Luka Vuskovic: Gewohnt sicher in der ersten Hälfte, schwacher Beginn in der zweiten Halbzeit.  Aber er fing sich schnell wieder. Aber: Wenn eine Defensive so viele klare Torchancen zulässt, hat er als Orchestrator seinen Job auch nicht hundertprozentig erfüllt.  Note: 4

Jordan Torunarigha (bis 98.): Er wird immer mutiger. Die letzten Spiele waren schon in Ordnung, und dieses Selbstvertrauen strahlt er aus. Mischte heute von der ersten Minute an sogar offensiv mit und war hinten meistens Zweikampfsieger. Note: 4

Aboubaka Soumahoro (ab 99.): Machte nichts falsch. Bis zum Elfmeterschießen, wo ihm die Nerven versagten. Völlig unverständlich für mich, einen jungen Spieler mit so wenig Spielzeit als einen der ersten fünf Schützen schießen zu lassen. Ich erspare dem Junge, den man vor dem Elfer hätte schützen müssen, jetzt die Note.

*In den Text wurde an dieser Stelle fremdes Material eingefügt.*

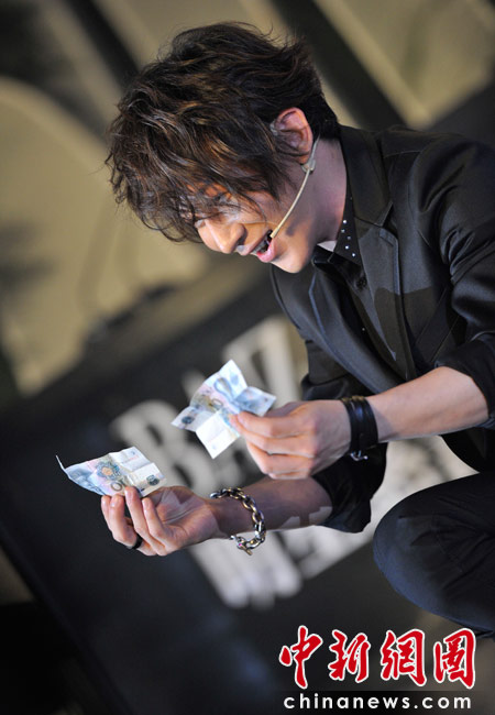 4月25日,由《時(shí)尚芭莎》雜志社主辦的第8屆“BAZAAR明星慈善夜”活動(dòng)在上海舉行,圖為劉謙為現(xiàn)場(chǎng)嘉賓表演精彩炫目的魔術(shù)。 中新網(wǎng)記者 金碩 攝

Miro Muheim: Er pennte kurz vor der Halbzeit wieder einmal bei einem hohen Ball und hatte Glück, dass die Kieler das nicht freistehend aus fünf Metern bestraften. Er hatte nicht zu viele Zweikämpfe zu bestreiten, aber von den wenigen verlor er zu viele. Als sein Buddy Dompé auf den Platz kam, wurde er sofort besser. Verschoss seinen Elfmeter. Note: 4

Fabio Vieira: Er ist zweifelsohne fußballerisch der Beste. Und er kann Standards. Normalerweise. Heute kamen sie nicht. Er versuchte auch sonst viel – aber es gelang wenig. Zum einen, weil Anspielpunkte ganz vorn fehlten, zum anderen, weil Ideen fehlten. Übernahm im Elfmeterschießen Verantwortung, und hatte Glück. Insgesamt eine Fleiß-Note: 3

Nicolai Remberg (bis 64.): Er hat einfach kein Erbarmen. Auch nicht mit seinen Ex-Kollegen, die sich immer wieder über seine Härte beschwerten. Deren Glück: Remberg bekam zu früh schon Gelb und musste aufpassen. Aber: Selbst so reichte es zu einem ordentlichen Spiel. Note: 3

Jonas Meffert (ab 64.): Bei ihm weiß man, was man bekommt. Aber eben auch, was man nicht erwarten darf. Note: 4

Alexander Rössing-Lelesit (bis 64.): Bei ihm muss man in der Bewertung ganz klar zwischen dem unterscheiden, was ihm schon gelingt, was er an Potenzial in sich trägt, was er versucht – und eben auch, was man schon erwarten kann. Da er 18 Jahre jung und körperlich noch nicht ausreichend robust ist, ist letzteres überschaubar. Aber: Er versucht immer alles. Selbst das, was vermeintlich aussichtslos ist. Und er versucht durchweg, seine Qualitäten einzubringen in Form von Sprints und Dribblings. Entscheidenden Einfluss hatte das nicht, was eine gute Note ausschließt. Sein Spiel lässt hoffen, dass da in absehbarer Zeit richtig was bei rumkommt. Aber Probleme hatten die Kieler mit ihm keine. Note: 4

Emir Sahiti (ab 64.): Seine ersten Minuten seit Ewigkeiten. Es wirkte ein wenig wie Lelesit. Zwar etwas robuster und reifer – aber genauso wirkungslos. Note: 4

Ransford Königsdörffer (bis 98.): 
Dass er viel läuft und viel arbeitet, weiß man. Als hängende Spitze oder über außen wäre das für mich auch okay. Aber seine nominelle Position füllt er damit einfach nicht aus. Das liegt zum einen an seiner Spielweise, zum anderen am Trainer, der ihn immer wieder dort vorn bringt. Note: 5

Bakery Jatta (ab 99.): Es musste so kommen! Mein werter Kollege Wolfgang Stephan neben hatte es mir vor dessen Einwechslung schon prophezeit. Und es freut mich für den Mann, der bisher überhaupt noch nicht in Erscheinung treten konnte/durfte.  Eine Note erspare ich mir hierfür. Ohne Note.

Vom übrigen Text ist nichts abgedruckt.